(Extracted data entries)
--- START ---

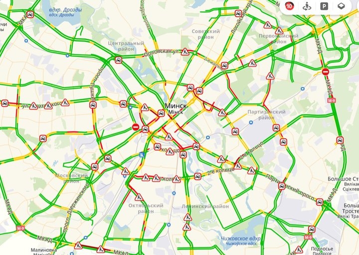 В вечерний час пик Минск застрял в 10-балльных пробках
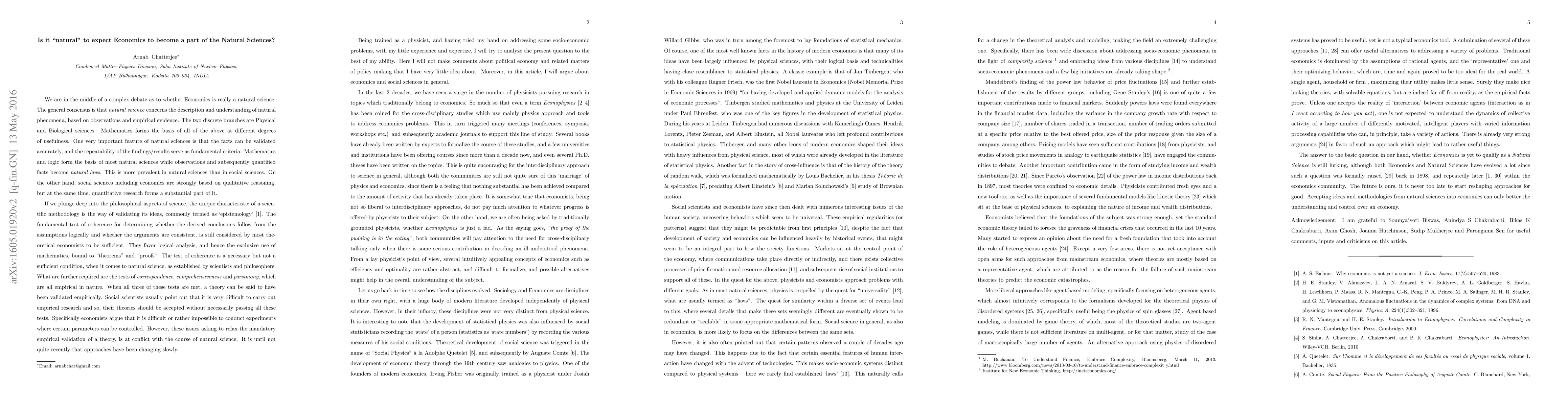 We are in the middle of a complex debate as to whether Economics is really a proper natural science. The 'Discussion & Debate' issue of this Euro. Phys. J. Special Topic volume is: 'Can economics be a Physical Science?' I discuss some aspects here.
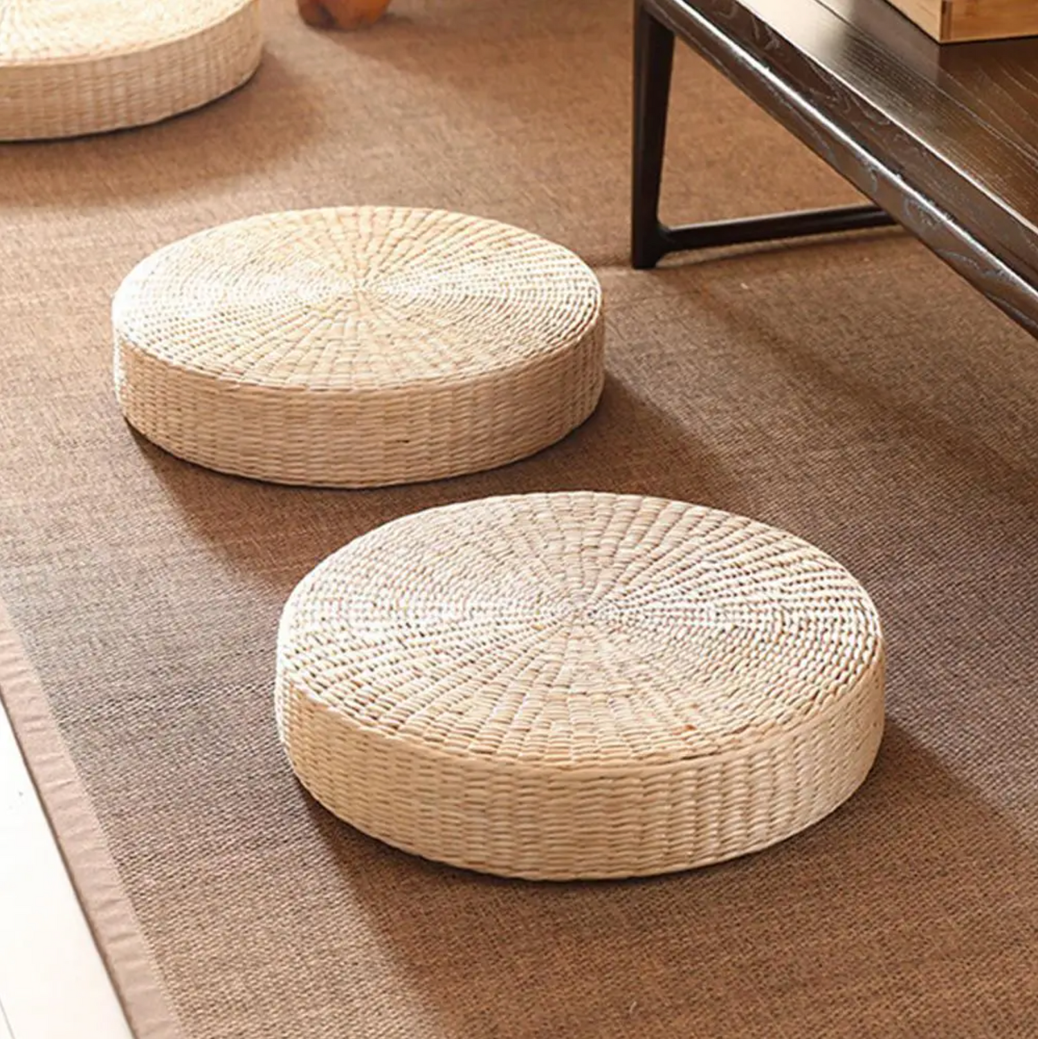 Ajoutez une touche zen à votre intérieur avec le coussin japonais rond en paille tressée
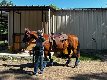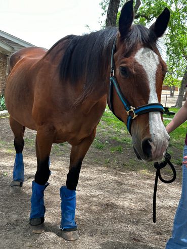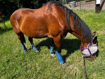 She can be tender-footed on one front hoof, so she has boots she wears occasionally. Roux likes going for walks with green grass best of all!
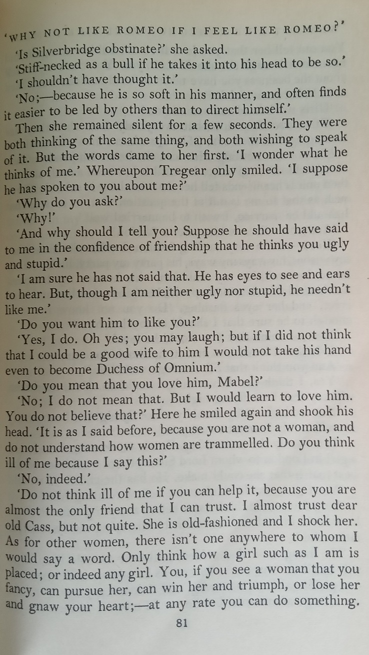 Unbeknownst to Palliser, his late wife had given their daughter, Lady Mary, her blessing to pursue a courtship with a poor gentleman friend of the duke’s eldest son, Lord Silverbridge. Meanwhile, Silverbridge has followed his father’s wishes by entering Parliament only to become enamored with an American heiress who refuses to marry unless Palliser willingly welcomes her into the family. And Palliser’s youngest, Lord Gerald, has managed to get himself expelled from Oxford.
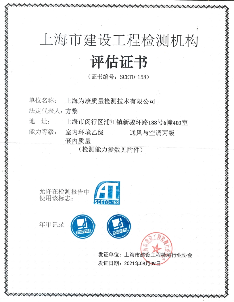 服務范圍:上海市新建、改建、擴建工程項目竣工驗收備案室內環境檢測、個人家庭新房裝修污染空氣檢測、學校、幼兒園等公共場所空氣檢測、精裝修房交房驗收室內空氣檢測、辦公室室內空氣污染檢測
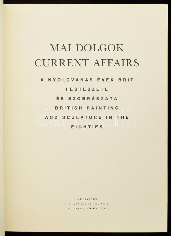 Mai dolgok. Current Affairs. A nyolcvanas évek brit festészete és szob... https://www.darabanth.com/de/472-Fernauktion/472.0/Bucher/Bucher-Architektur-Kunst~2000026/Mai-dolgok-Current-Affairs-A-nyolcvanas-evek-brit-festeszete-es-szobraszata-Bp-Mucsarnok-~II3201928
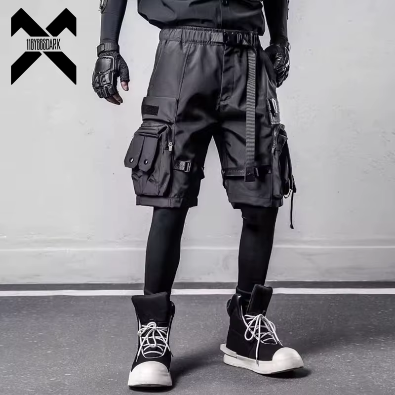 2025 verão carga shorts multi bolso calça curta tático funcional solto streetwear cintura elástica shorts preto techwear
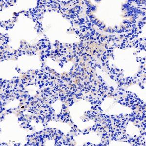 IHC检测SIRP alpha蛋白(货号 GB11914). 样品: 大鼠肺, 4%多聚甲醛 (货号G1101) 固定12-24小时. 抗原修复: 柠檬酸抗原修复液(干粉, pH 6.0) (G1201), 98℃, 20分钟. —抗: 1: 3600稀释, 4℃ 孵育过夜. 二抗: HRP标记山羊抗兔IgG (H+L) (货号GB23303), 1: 200稀释, 室温孵育1小时. |
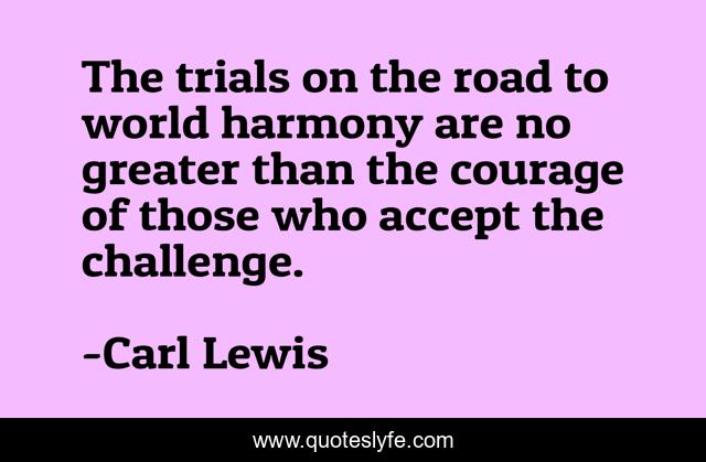 This page presents the quote "The trials on the road to world harmony are no greater than the courage of those who accept the challenge.". Author of this quote is Carl Lewis. This quote is about world, challenge, road,.
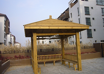 防腐木涼亭解決了傳統(tǒng)戶(hù)外建筑施工空間大,環(huán)境破壞嚴(yán)重的弊端,煙臺(tái)防腐木涼亭施工占用....
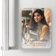 Modern studenten-annonseringsmagnet med ett anpassningsbar-lodrät-foto med textövertäckning. Ord "Student" visas i marinblått skript, med student namn, skola och år studenten nedanför i sans serif-typsnitt. Byt enkelt ut exempelbilden mot ditt eget student-foto. Med en vit övertoning i skärm kan du kontrollera att textpekarna visas. Perfekt för högskoleexamen eller högskoleexamen.
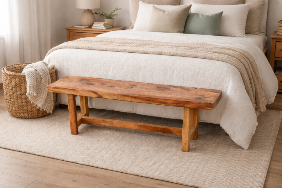 Gracias a sus medidas, es ideal para utilizar como banco a los pies de la cama, asiento auxiliar, apoyo decorativo o en livings, recibidores y dormitorios. Un mueble funcional, resistente y pensado para acompañar el uso diario durante toda la vida.
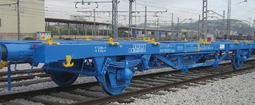 - Mercaderia en contenidors. La flexibilitat i la garantia que ofereix en el transport de mercaderies en contenidors consolida el ferrocarril com una baula indispensable en les cadenes logístiques eficients. Es poden transportar contenidors de 20’, 30’, 40’, 45’ o equivalents homologats. Els contenidors es transporten en vagons, tipus plataforma (Figura figura). Podeu consultar la flota de vagons de RENFE Mercancías per al transport de contenidors en Mercaderia en contenidors.
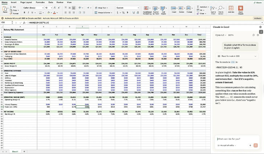 Check out this real example. A bakery P&L. Cell E33 has this formula:

--- END ---

Repeat the records word for word. Leave out whatever pictures they hold.

 В вечерний час пик Минск застрял в 10-балльных пробках
 We are in the middle of a complex debate as to whether Economics is really a proper natural science. The 'Discussion & Debate' issue of this Euro. Phys. J. Special Topic volume is: 'Can economics be a Physical Science?' I discuss some aspects here.
 Ajoutez une touche zen à votre intérieur avec le coussin japonais rond en paille tressée
 She can be tender-footed on one front hoof, so she has boots she wears occasionally. Roux likes going for walks with green grass best of all!
 Unbeknownst to Palliser, his late wife had given their daughter, Lady Mary, her blessing to pursue a courtship with a poor gentleman friend of the duke’s eldest son, Lord Silverbridge. Meanwhile, Silverbridge has followed his father’s wishes by entering Parliament only to become enamored with an American heiress who refuses to marry unless Palliser willingly welcomes her into the family. And Palliser’s youngest, Lord Gerald, has managed to get himself expelled from Oxford.
 服務范圍:上海市新建、改建、擴建工程項目竣工驗收備案室內環境檢測、個人家庭新房裝修污染空氣檢測、學校、幼兒園等公共場所空氣檢測、精裝修房交房驗收室內空氣檢測、辦公室室內空氣污染檢測
 Mai dolgok. Current Affairs. A nyolcvanas évek brit festészete és szob... https://www.darabanth.com/de/472-Fernauktion/472.0/Bucher/Bucher-Architektur-Kunst~2000026/Mai-dolgok-Current-Affairs-A-nyolcvanas-evek-brit-festeszete-es-szobraszata-Bp-Mucsarnok-~II3201928
 2025 verão carga shorts multi bolso calça curta tático funcional solto streetwear cintura elástica shorts preto techwear
 IHC检测SIRP alpha蛋白(货号 GB11914). 样品: 大鼠肺, 4%多聚甲醛 (货号G1101) 固定12-24小时. 抗原修复: 柠檬酸抗原修复液(干粉, pH 6.0) (G1201), 98℃, 20分钟. —抗: 1: 3600稀释, 4℃ 孵育过夜. 二抗: HRP标记山羊抗兔IgG (H+L) (货号GB23303), 1: 200稀释, 室温孵育1小时. |
 This page presents the quote "The trials on the road to world harmony are no greater than the courage of those who accept the challenge.". Author of this quote is Carl Lewis. This quote is about world, challenge, road,.
 防腐木涼亭解決了傳統(tǒng)戶(hù)外建筑施工空間大,環(huán)境破壞嚴(yán)重的弊端,煙臺(tái)防腐木涼亭施工占用....
 Modern studenten-annonseringsmagnet med ett anpassningsbar-lodrät-foto med textövertäckning. Ord "Student" visas i marinblått skript, med student namn, skola och år studenten nedanför i sans serif-typsnitt. Byt enkelt ut exempelbilden mot ditt eget student-foto. Med en vit övertoning i skärm kan du kontrollera att textpekarna visas. Perfekt för högskoleexamen eller högskoleexamen.
 Gracias a sus medidas, es ideal para utilizar como banco a los pies de la cama, asiento auxiliar, apoyo decorativo o en livings, recibidores y dormitorios. Un mueble funcional, resistente y pensado para acompañar el uso diario durante toda la vida.
 - Mercaderia en contenidors. La flexibilitat i la garantia que ofereix en el transport de mercaderies en contenidors consolida el ferrocarril com una baula indispensable en les cadenes logístiques eficients. Es poden transportar contenidors de 20’, 30’, 40’, 45’ o equivalents homologats. Els contenidors es transporten en vagons, tipus plataforma (Figura figura). Podeu consultar la flota de vagons de RENFE Mercancías per al transport de contenidors en Mercaderia en contenidors.
 Check out this real example. A bakery P&L. Cell E33 has this formula:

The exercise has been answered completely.